A ray of hope
Although PayPal (PYPL) faces competition from almost all angles, its peer-to-peer payment service, Venmo, has become a source of great hope. The service registered a strong performance in 4Q16, with payment volumes rising 126% to $5.6 billion. Venmo is widely popular with millennials, a key customer segment.
The company also said its active subscriber accounts rose 10% to 197 million, topping the consensus estimate of 196.5 million.
Rising revenue, downbeat outlook
PayPal reported 4Q16 results that were in line with the consensus estimates. Its revenue of $2.98 billion was spot-on, rising 17% YoY (year-over-year), while its adjusted EPS of $0.42 was also exactly what Wall Street expected.

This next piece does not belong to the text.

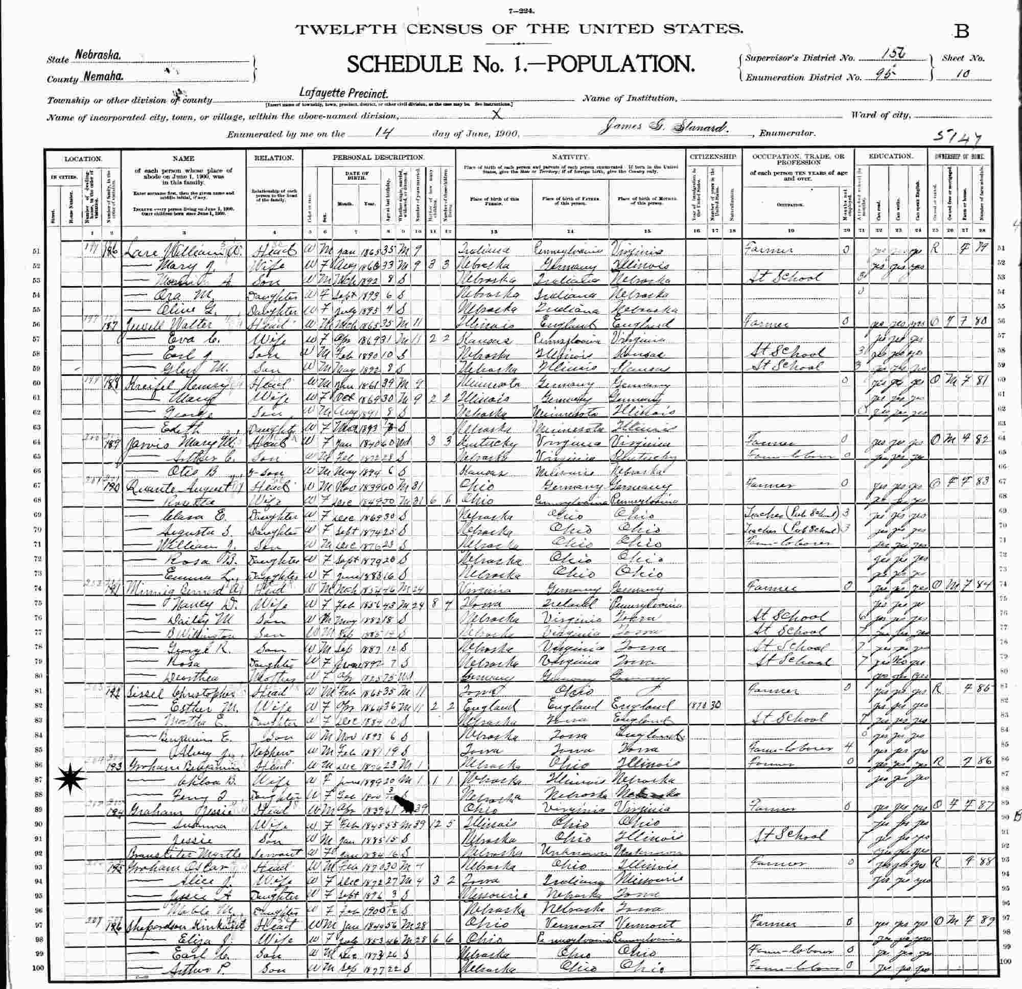 June 14, 1900 - Supervisor's District 156, Enumeration District 95, Lafayette Precinct, Nemaha County Nebraska.

Although PayPal met expectations in 4Q16, the company issued a subdued outlook for the current quarter. It is expecting revenues to be in the band of $2.9 billion–$2.95 billion, yet its consensus estimate calls for revenue of at least $2.95 billion. This guidance puts PayPal in a tight spot because a miss would generally spark a selloff in the stock.
Growing competitive pressure
PayPal’s downbeat outlook appears to underline the growing competitive pressure that the company is facing in the digital payments market. Apple (AAPL), Alphabet (GOOGL), and Alibaba (BABA) affiliate Ant Financial have stepped up competition for the control of mobile payments market.
Meanwhile, PayPal has entered into strategic alliances, acquired key assets and launched new features in a bid to fend off the growing competition. The company’s partners include Citigroup (C) and Discover Financial Services (DFS). Its acquisitions include Venmo, Braintree, and Xoom.